Beno mengatakan, bukti sederhana dalam pencucian uang Wawan, bisa dilihat dari sitaan KPK berupa barang bergerak dan tidak bergerak, seperti mobil dan sertifikat, yang disita dari Andika Hazrumy yang kini mencalonkan diri sebagai Calon Wakil Gubernur Banten, Airin Rahmi Diany Walikota Tangerang Selatan, serta Kakak kandungnya yang menjadi Bupati Serang, Ratu Tatu Chasanah.

"Dengan adanya mobil yang disita, sertifikat, yang mengatasnamakan keluarga Wawan dan Atut,  itu bagian dari konsepsi korupsi yang dilakukan secara keluarga," tegasnya.

Menurut dia, dengan pola korupsi seperti itu, jelas saja memunculkan dinasti politik yang berbahaya karena tujuannya hanya menggemukkan ekonomi keluarga bukan menciptakan kemakmuran bagi masyarakat Banten. 

"Penerapan politik dinasti di lapangan, adalah pembajakan demokrasi, termasuk di Banten, untuk membuka ruang korupsi," tandas dia.

Dalam kasus Banten,  kata Beno, korupsi dilakukan Adik Kakak secara bersama. Selain itu juga membuka ruang politik menempatkan keluarga lain di posisi strategis seperti menjadi bupati walikota, anggota DPR,  yang outputnya semata menggemukan ekonomi.
 
Indonesia Corruption Watch (ICW) berharap Komisi Pemberantan Korupsi (KPK) benar-benar serius dalam mengungkap kasus dugaan pencucian uang yang melibatkan adik Ratu Atut yakni Tubagus Chaeri Wardana alias Wawan.

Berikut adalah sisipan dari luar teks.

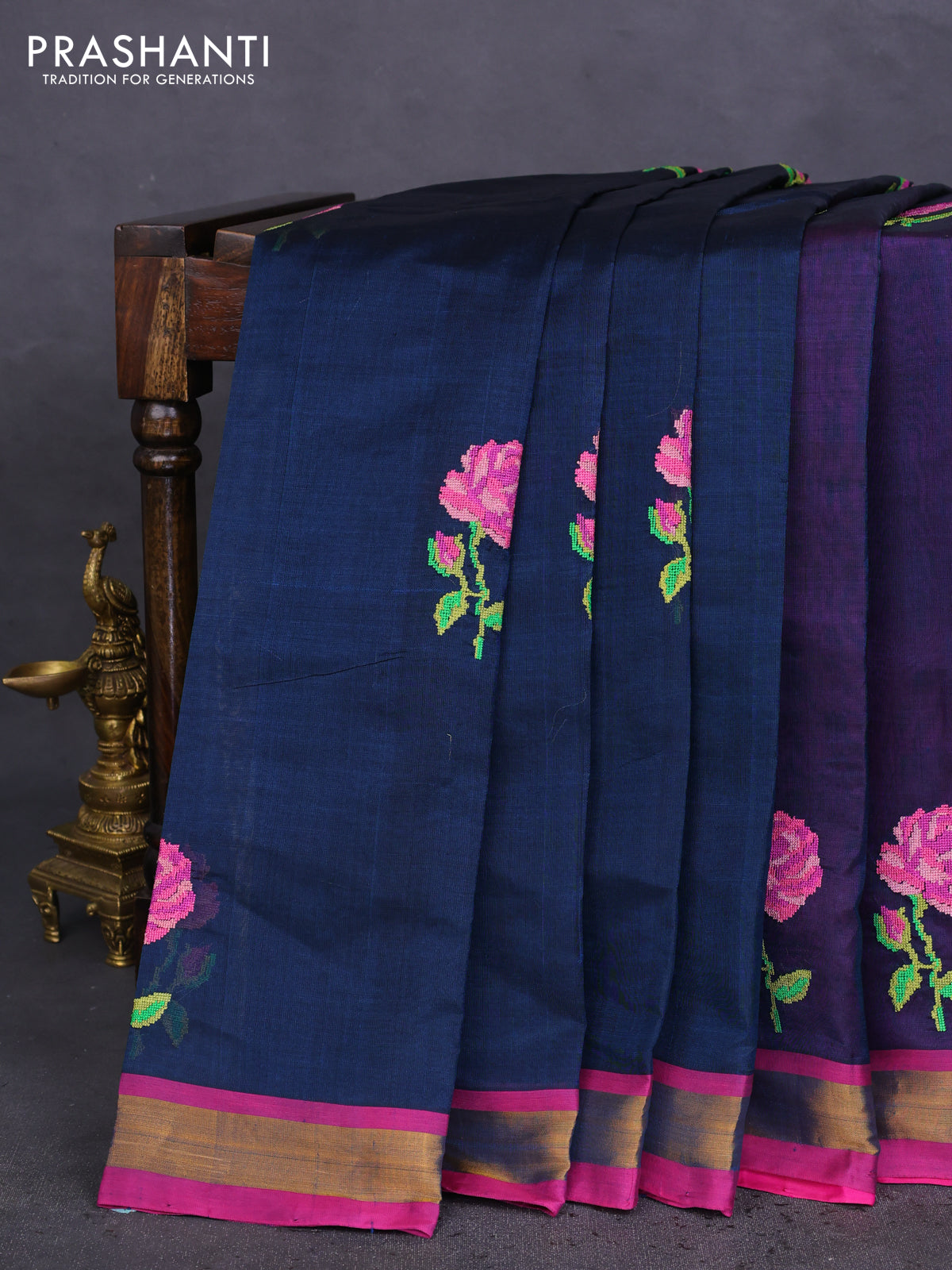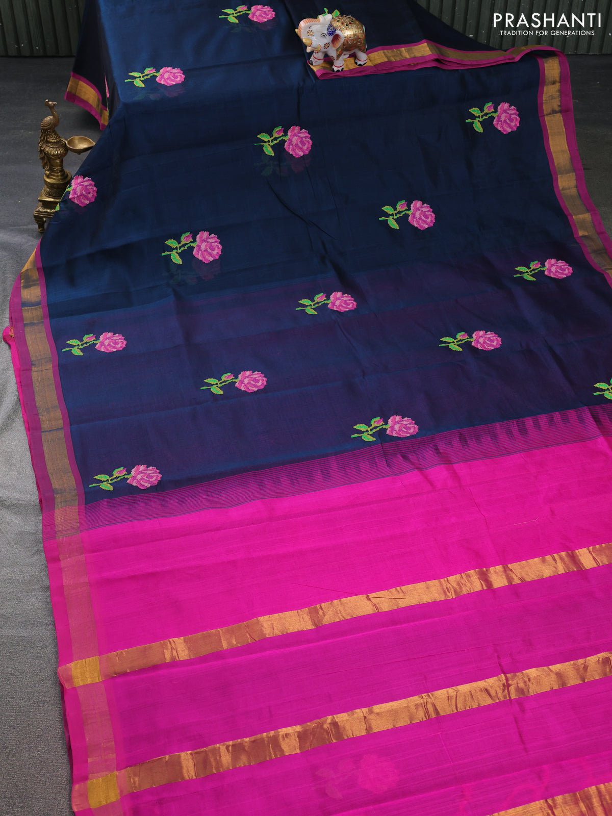 Silk cotton saree peacock blue and magenta pink with embroidery buttas and zari woven border

Dihubungi terpisah, Peneliti ICW Firdaus Ilyas menambahkan, kasus pencucian uang terhadap Wawan, jangan sampai mandeg. Dari hasil telusuran penyidikan KPK, sebenarnya sudah jelas alurnyam kemana uang pencucian uang itu diarahkan atau lewat siapa saja perantaranya.

"Dari hasil penyidikan itu kan sebenarnya bisa terlihat. Banyak kroni Ratu Atut terlibat dalam proyek infrastruktur, kesehatan. Kroni Atut diduga terlibat di banyak simpul proyek-proyek, dan bermasalah," tegas Firdaus, saat dihubungi media, Selasa (27/12).

Firdaus menegaskan, KPK sudah sepantasnya mengembangkan lebih jauh kasus TPPU Wawan, karena sudah terlihat siapa saja yang dijadikan perantara aliran uang.  Kemudian aliran uang dalam bentuk apa saja, tinggal bagaimana KPK dengan sigap mengembangkan kasusnya.

"KPK bisa Melihat siapa saja yang terlibat, atau dalam konteks TPPU menaikkan kasus ini ke persidangan," tegasnya. 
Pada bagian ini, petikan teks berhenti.